Write out each record below exactly, without pictures.
━━━
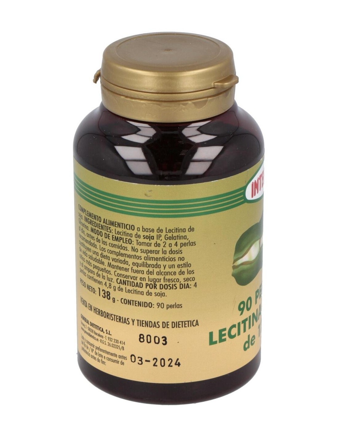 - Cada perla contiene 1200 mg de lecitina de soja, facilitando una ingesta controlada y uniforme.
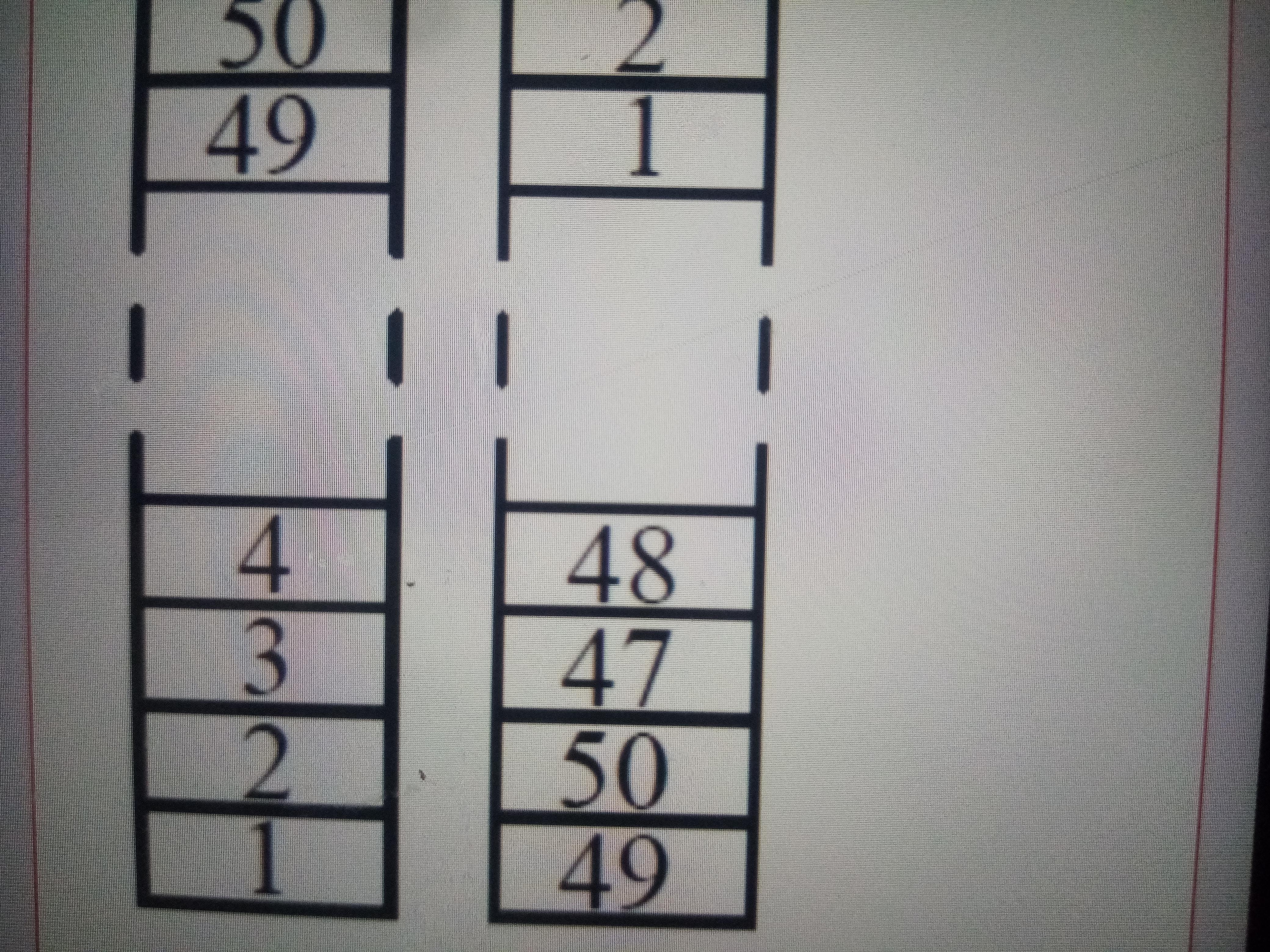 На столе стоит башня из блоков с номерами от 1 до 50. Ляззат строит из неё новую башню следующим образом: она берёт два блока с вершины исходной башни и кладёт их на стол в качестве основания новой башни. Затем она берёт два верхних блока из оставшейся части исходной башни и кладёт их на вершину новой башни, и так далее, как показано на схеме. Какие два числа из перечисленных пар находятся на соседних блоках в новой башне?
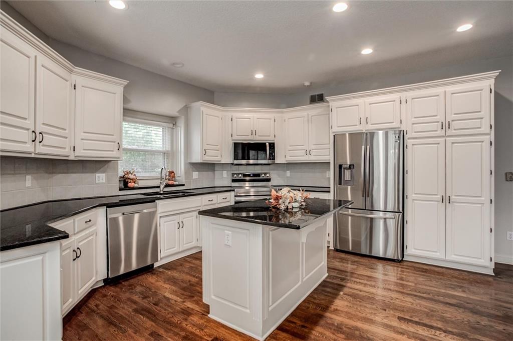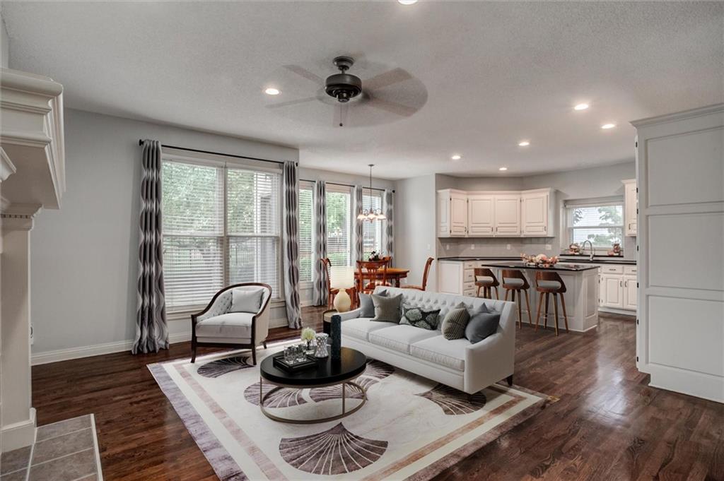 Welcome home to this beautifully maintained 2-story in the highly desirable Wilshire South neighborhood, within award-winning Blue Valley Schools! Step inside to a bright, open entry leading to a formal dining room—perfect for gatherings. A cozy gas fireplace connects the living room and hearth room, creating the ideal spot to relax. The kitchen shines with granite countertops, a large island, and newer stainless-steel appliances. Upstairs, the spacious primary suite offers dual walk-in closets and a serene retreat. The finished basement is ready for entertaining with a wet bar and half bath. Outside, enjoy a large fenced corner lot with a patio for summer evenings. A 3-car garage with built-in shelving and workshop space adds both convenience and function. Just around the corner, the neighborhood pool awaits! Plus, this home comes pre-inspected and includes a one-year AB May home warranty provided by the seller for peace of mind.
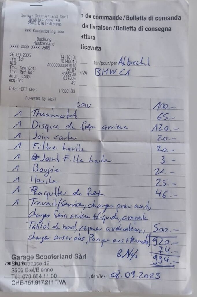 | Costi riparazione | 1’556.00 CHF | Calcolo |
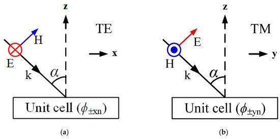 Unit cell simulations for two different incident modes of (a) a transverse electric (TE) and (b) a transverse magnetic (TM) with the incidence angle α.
━━━
> [Answer box]:
 - Cada perla contiene 1200 mg de lecitina de soja, facilitando una ingesta controlada y uniforme.
 На столе стоит башня из блоков с номерами от 1 до 50. Ляззат строит из неё новую башню следующим образом: она берёт два блока с вершины исходной башни и кладёт их на стол в качестве основания новой башни. Затем она берёт два верхних блока из оставшейся части исходной башни и кладёт их на вершину новой башни, и так далее, как показано на схеме. Какие два числа из перечисленных пар находятся на соседних блоках в новой башне?
 Welcome home to this beautifully maintained 2-story in the highly desirable Wilshire South neighborhood, within award-winning Blue Valley Schools! Step inside to a bright, open entry leading to a formal dining room—perfect for gatherings. A cozy gas fireplace connects the living room and hearth room, creating the ideal spot to relax. The kitchen shines with granite countertops, a large island, and newer stainless-steel appliances. Upstairs, the spacious primary suite offers dual walk-in closets and a serene retreat. The finished basement is ready for entertaining with a wet bar and half bath. Outside, enjoy a large fenced corner lot with a patio for summer evenings. A 3-car garage with built-in shelving and workshop space adds both convenience and function. Just around the corner, the neighborhood pool awaits! Plus, this home comes pre-inspected and includes a one-year AB May home warranty provided by the seller for peace of mind.
 | Costi riparazione | 1’556.00 CHF | Calcolo |
 Unit cell simulations for two different incident modes of (a) a transverse electric (TE) and (b) a transverse magnetic (TM) with the incidence angle α.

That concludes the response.